| Büyük Veli Seyyid Sıbgatullah-i Hizani “kuddise sirruh” hazretleri, bir gün sevdiklerine;- Kardeşlerim, her sıkıntıya sebep, günah işlemektir, buyurdu. Çaresi pişman olup, istiğfar eylemektir.
 
 Sordular:
 - Tövbe edince günahımız muhakkak affolur mu efendim?

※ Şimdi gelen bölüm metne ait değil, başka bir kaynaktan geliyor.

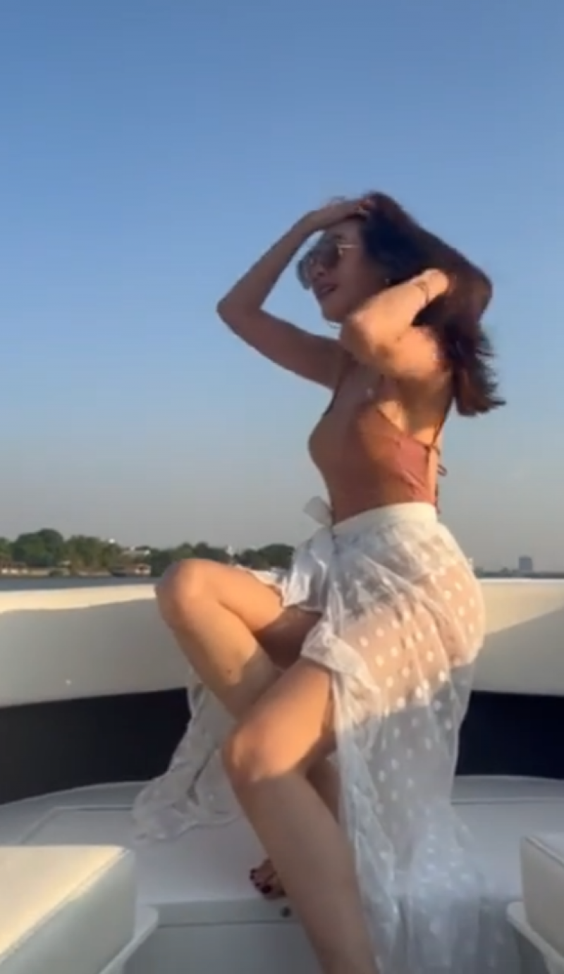 โดยมีการโพสต์คลิปขณะที่มีการลงเรือ พร้อมข้อความว่า เราฉี่ไม่ได้หลอกท้ายเรือ ขนาดเรือจอดโดนคลื่นซัด เธอยังต้องเกาะแขนผู้ชาย 2 คน ประคองเลย เราพูดไม่ได้ ก็อย่าใส่ร้ายเราไอ้เพื่อนรัก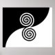 Abstrato com formas geométricas em círculo espiral a preto e branco. Espirais simbolizam a energia cósmica sagrada presente em tudo. A dupla espiral representa equilíbrio e criatividade. E está no centro da vida como DNA composto de dupla hélice!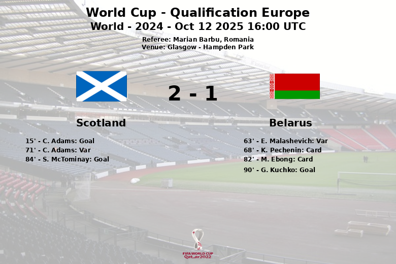 Glasgow, Hampden Park – Scotland secured a hard-fought victory against Belarus in a World Cup qualifying match. The match, refereed by Romanian Marian Barbu, was characterized by an intense pace and several controversial decisions.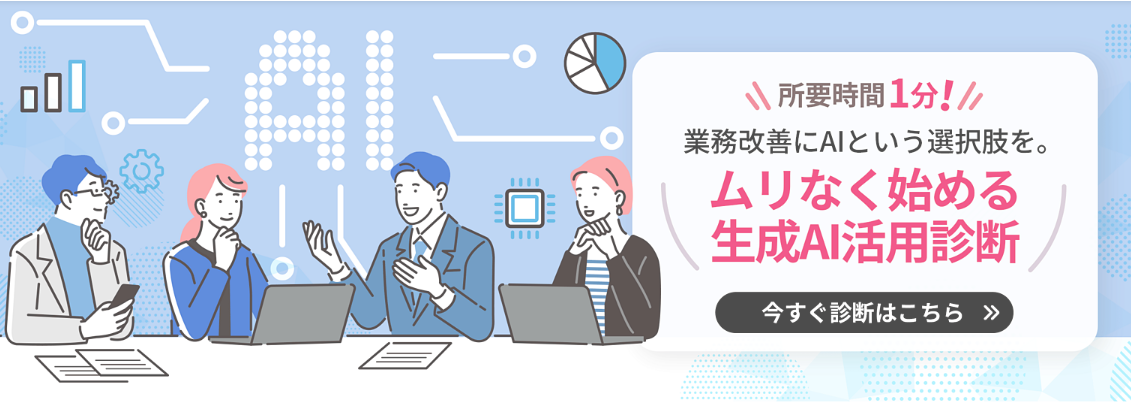 NTTドコモビジネスが提供する法人向けの診断コンテンツで、約3分間の質問に答えるだけで、自社の「AI活用レベル」を測定し、課題解決に向けた「最適なAI活用法」や「導入のヒント」を知ることができるものとなっています。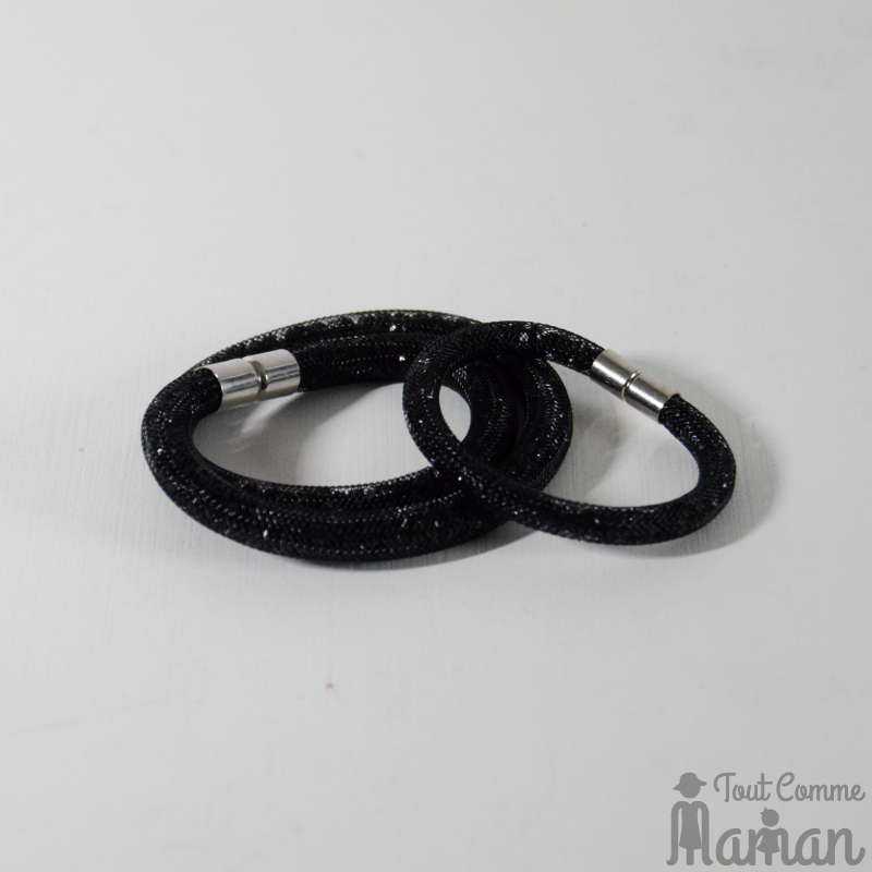 Très actuel, ce bracelet sera parfait pour accessoiriser un look mère fille. Couleur noire. Fermoir aimanté. Bracelet double tour pour maman. Existe aussi en blanc, rose et bleu.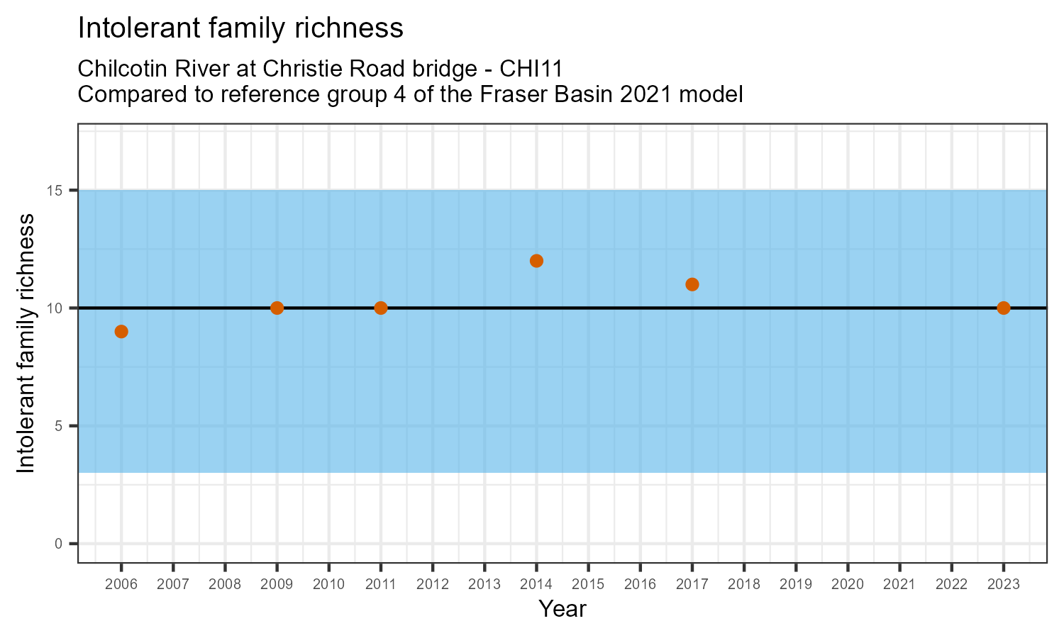 Intolerant family richness counts the number of taxonomic families that are sensitive (intolerant) to pollution, according to the Hilsenhoff Biotic Index. Intolerant family richness may decrease as water pollution increases.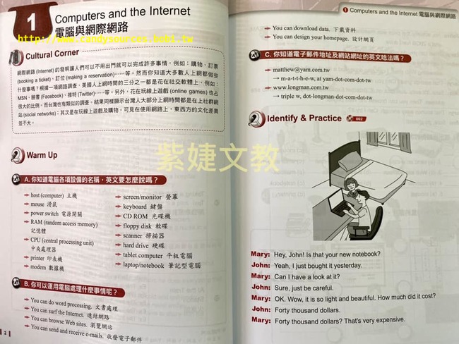 2.Warm Up (暖身練習區):讓學習者可以在正式進入各單元之前,先行熟悉並學習與單元主題相關的英語詞彙及習慣用語。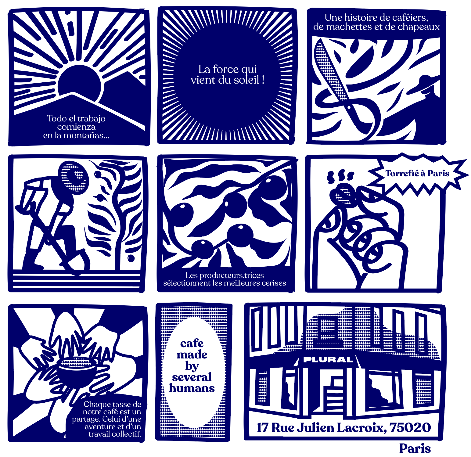 Nous sommes ravis de vous présenter notre tout dernier t-shirt de lancement, spécialement conçu pour célébrer l'ouverture de notre nouveau coffee shop dans le 20ème arrondissement de Paris. Cette pièce unique raconte de manière captivante le parcours du café, depuis la ferme jusqu'à votre tasse. Notre design s'inspire des bandes dessinées, de la couleur bleu foncé traditionnelle, et incarne un concept global qui véhicule notre esprit collaboratif.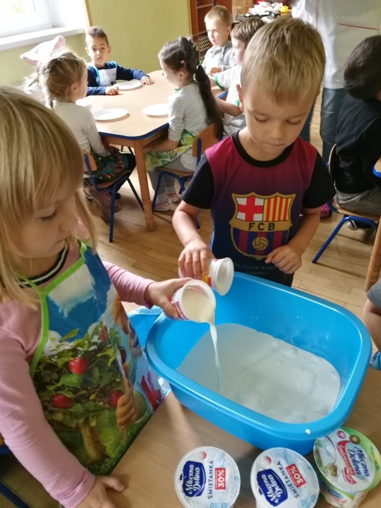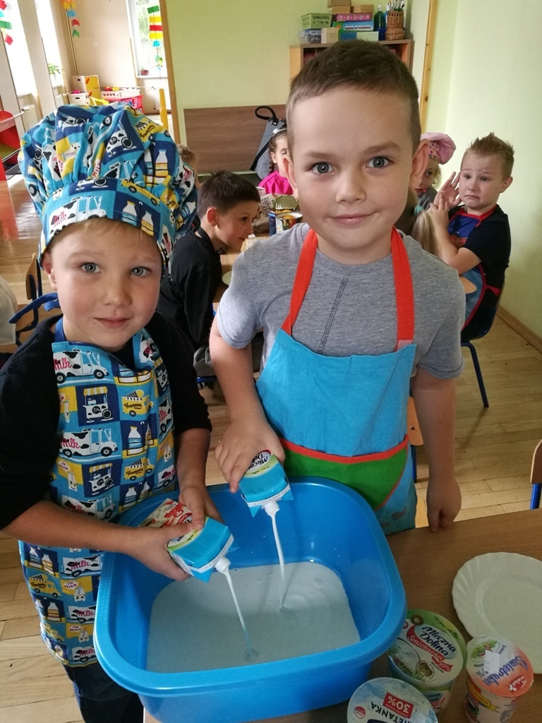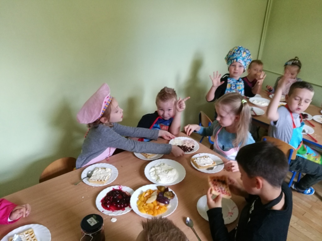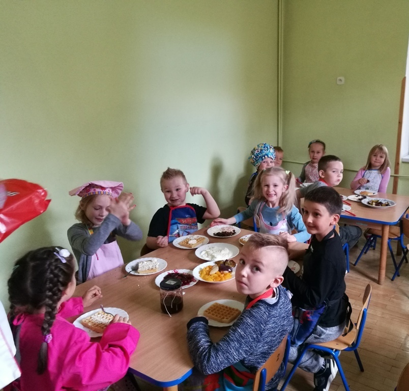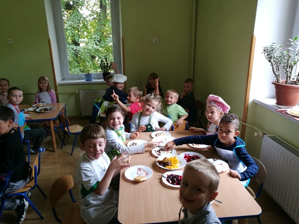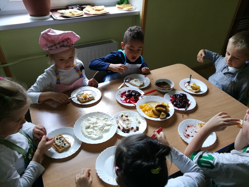 W tym roku szkolnym kontynuujemy naszą przygodę z "Kuchcikowem". Dzieci z wielką radością przystąpiły do zajęć zwłaszcza, że ich tematem były "Wakacyjne wspomnienia", a dzieci przygotowywały gofry z bitą śmietaną i owocami. Już na sam widok składników dzieciom ciekła ślinka, a co dopiero powiedzieć jak będą gotowe. Wszyscy ochoczo zabrali się do pracy: ubijania śmietany, krojenia owoców. Gdy przyszedł czas jedzenia w sali zrobiło się bardzo cicho i nie dlatego, że dzieci pisały w ćwiczeniach ale dlatego, że tak były zajęte jedzeniem, nikt nie chciał powiedzieć ani jednego słowa. Wszyscy stwierdziliśmy, ze bardzo lubimy tak wspominać wakacje.

 - Elbette. Ama bir şartla.
 
 - O nedir efendim?
 - Günahına gönülden pişman olmak ve bir daha yapmayacağına kendi kendine söz vermek.
 
 Ve ilave etti:
 - Büyüklerimiz; (Günahına pişman olan, hiç yapmamış gibidir) buyuruyorlar.
 
 Nefsi kırmak için
 
 Bir gün de bazı sevdikleri;
 - Nefsimizi kırmak için ne yapmalıyız efendim? dediler.
 
 Cevabında;
 - İslamiyet’e uyun, buyurdu. Zira dinimizin her emri nefsi kırar.
 
 Ve bazı misaller verdi:
 - Mesela istişare etmek de nefsi kırar. Çünkü nefs, danışmayı istemez. “Ben bilirim” der.
 
 Ve ilave etti:
 - Yolda bir mümine rastlarsanız, önce siz selam verin. Müsefaha edecekseniz, önce siz elinizi uzatın. Kırıldığınız kimseden, önce siz özür dileyin. Bunların hepsi nefsi kırar.
 
 Son olarak;
 - Öfkelenmeyin, yumuşak olun, çok çalışın, tembel olmayın ki, bunlar da nefsi kırar, buyurdu.
 
 İslamiyet’ten ayrılırsanız…
 
 Bir gün de sohbetinde;
 - Her şeyden önce, Muhammed aleyhisselama ve Onun dört halifesine uymamız lazımdır, buyurdu. Sözlerde, işlerde ve inanmakta, İslamiyet’ten ayrılmamaya çok dikkat etmeliyiz.
 
 Ve ekledi:
 - İslamiyet’e uymak, insanı iyiliklere kavuşturur. İslamiyet’ten ayrılmak ise, utandırır ve felakete götürür.